The Commission considers that the question of whether the
applicant had a real opportunity of applying for compensation is linked
to the merits of his complaint and, as a result, it should be examined
at a later stage in the proceedings.
It follows that the Commission cannot at the present stage reject
the application on the ground that the applicant has failed to exhaust
domestic remedies as required under Article 26 (Art. 26) of the
Convention.
4. As regards the substance of the complaints, the Government submit
that Article 6 para. 1 (Art. 6-1) of the Convention did not apply to
the proceedings at issue. The applicant did not have a "right" to be
compensated, because the courts enjoy unfettered discretion in this
connection under domestic law. The question concerning compensation for
detention on remand is not of a "civil" but of a public law nature; the
State acts jure imperii and the unlawful character of the detention is
not a precondition. Neither is there a "dispute", since the court may
decide proprio motu and the State is not represented at the hearing -
the role of the prosecutor not being that of State's counsel. In any
event, the Government submit that the applicant could have been heard
if he had so wished and this is what Article 6 para. 1 (Art. 6-1) of
the Convention requires. The court refused him compensation because it
must have considered that he had been responsible for his own
detention. As it indirectly transpires from the court's decision, the
reason for the applicant's acquittal was that the court had doubts as
to his guilt.
The applicant considers that Article 6 para. 1 (Art. 6-1) is
applicable and refers in this connection to the Georgiadis v. Greece
judgment of 29 May 1997 of the Court (Reports 1997-III, p. 949). He
claims that, before deciding on his entitlement to compensation, the
court was obliged under the Convention to invite him to make
observations. He also submits that the Convention does not allow any
room for reasons which "indirectly" transpire from the court's
decision. In any event, he considers that any doubts the court might
have had as to his innocence cannot justify on their own the conclusion
that he was responsible for his detention.

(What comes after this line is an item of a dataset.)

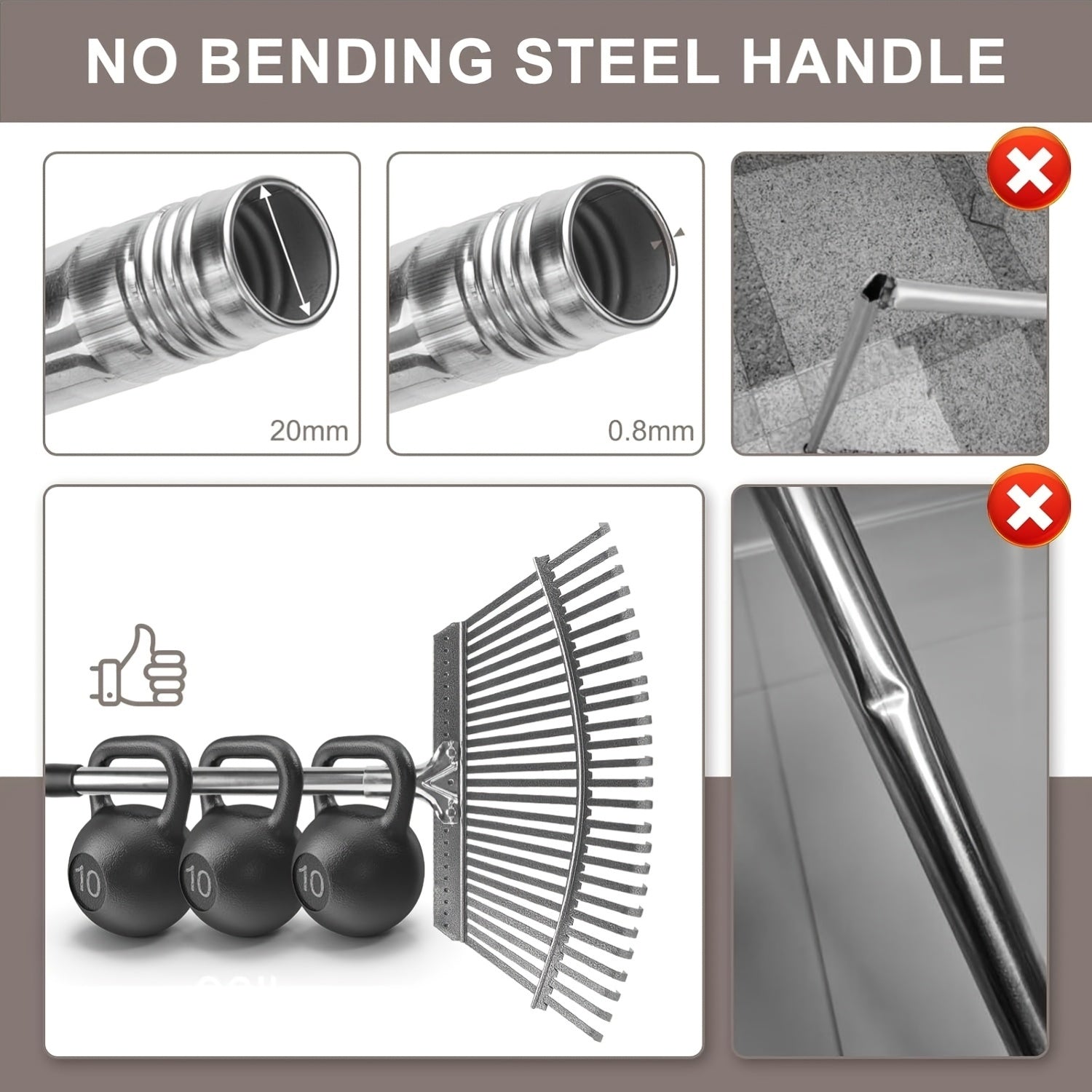 25 Tines Garden Leaf Rake | 18.5" Wide, 62" Adjustable Long Handle, Stainless Steel for Lawns, Yard, Grass, Flower Beds, All Season

In the light of the parties' observations the Commission
considers that the application raises serious questions of fact and law
which are of such complexity that their determination should depend on
an examination of the merits. The application cannot, therefore, be
regarded as being manifestly ill-founded within the meaning of
Article 27 para. 2 (Art. 27-2) of the Convention, and no other ground
for declaring it inadmissible has been established.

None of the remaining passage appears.